What I remember more than anything else, upon first seeing this painting, was how buttery smooth it looks. Everything in it is photographically precise. And the predominant sandy beach foreground almost literally looks like butter. The technique is flawless and soft, precise and radiant. It makes you feel like you want to touch it.

 

It reminds us that Dali was a gifted painter whose Renaissance-like technique allowed him to make plausible even the most preposterous figments of the wildest imagination. “Hand-painted color photography” indeed!

 

Dali was a master at titling his works, and “Transparent Simulacrum of the Feigned Image” gives us an unambiguous clue as to what this picture is about. It has a wonderfully effective dream-like vibe to it, doesn’t it? From the furtive floating head at right – an image of Dali’s wife, Gala (seen positioned and portrayed in the exact same way in his “The Endless Enigma,” also of 1938, and which also features the table and fruit bowl motif) – to the sharp, exacting technique that’s consistent with the vivid nature of most dreams.

 

Dali’s penchant for double-imagery again rears its eye-fooling head, this time in the middle distance. Do you see a mountain range whose foreground offers up a body of water that spills out onto the expanse of sandy beach? Or, instead, do you see pieces of fruit in a bowl?

 

Moreover, what about that beach? Is it a beach?
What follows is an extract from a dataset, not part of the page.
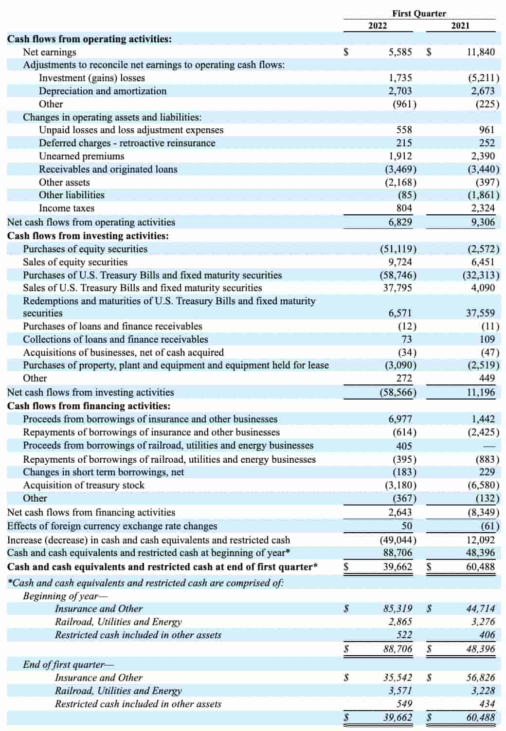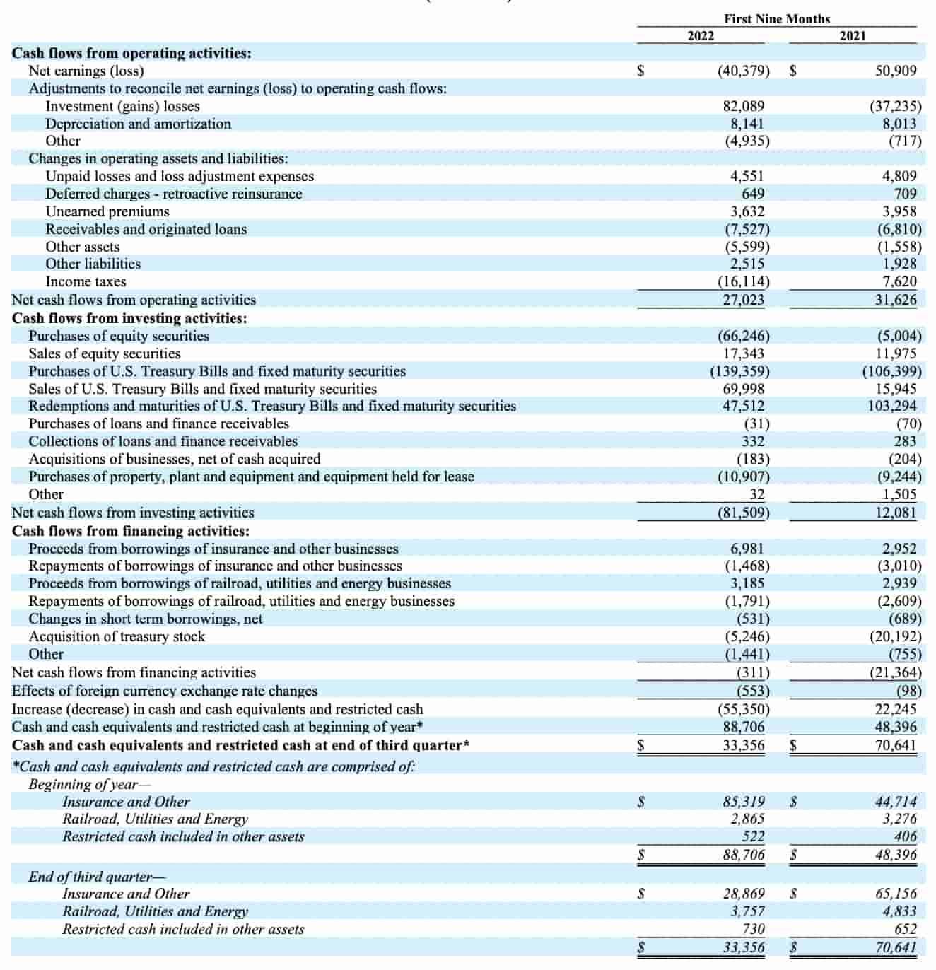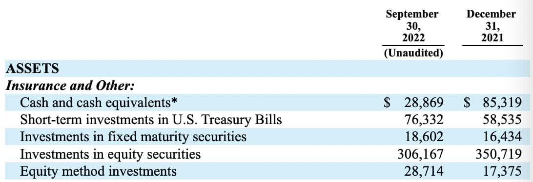 As always, the first five lines of the balance sheet are important valuation considerations. Cumulatively they fell from $528,382 million at the end of 2021 down to $458,684 million at the end of the 9M22 period. Much of the difference is due to the fact that cash and equivalents are down due to net stock purchases and the equity securities portfolio is down because 2022 has been a tough year:

Or is it a table, over which part of an abandoned white cloth hangs?

 

For many years I’ve enjoyed seeing this beautifully painted canvas, my eye inevitably drawn to that realistically rendered but somewhat enigmatic cloth. What exactly is it doing there? Is it merely a random item, and thus part and parcel with the phenomenon of dreaming? Perhaps.

 

But some observers have pointed out that the cloth approximates the shape of a bird: its wing flopped over the beach’s (table’s) edge, its beak pointing to the west. Do you see it? Do you buy it? Or is this merely someone thinking he or she sees something that wasn’t actually intended? Personally, I think any resemblance to a flying bird is purely coincidental.

 

Indeed, Dali was told often by fans that they saw this, that, and the other in certain details of his works. Often he’d reply, “You ees having one very good idea – but Dali nevair theenk of it!”

 

Is it a bird? Is it a silk cloth? Is it something else? Oh, the joy of this man’s art! Be it a Dali painting, a Dali print, a Dali sculpture, or works in other mediums. As Dali used to quip, “Never a dully moment with Dali!”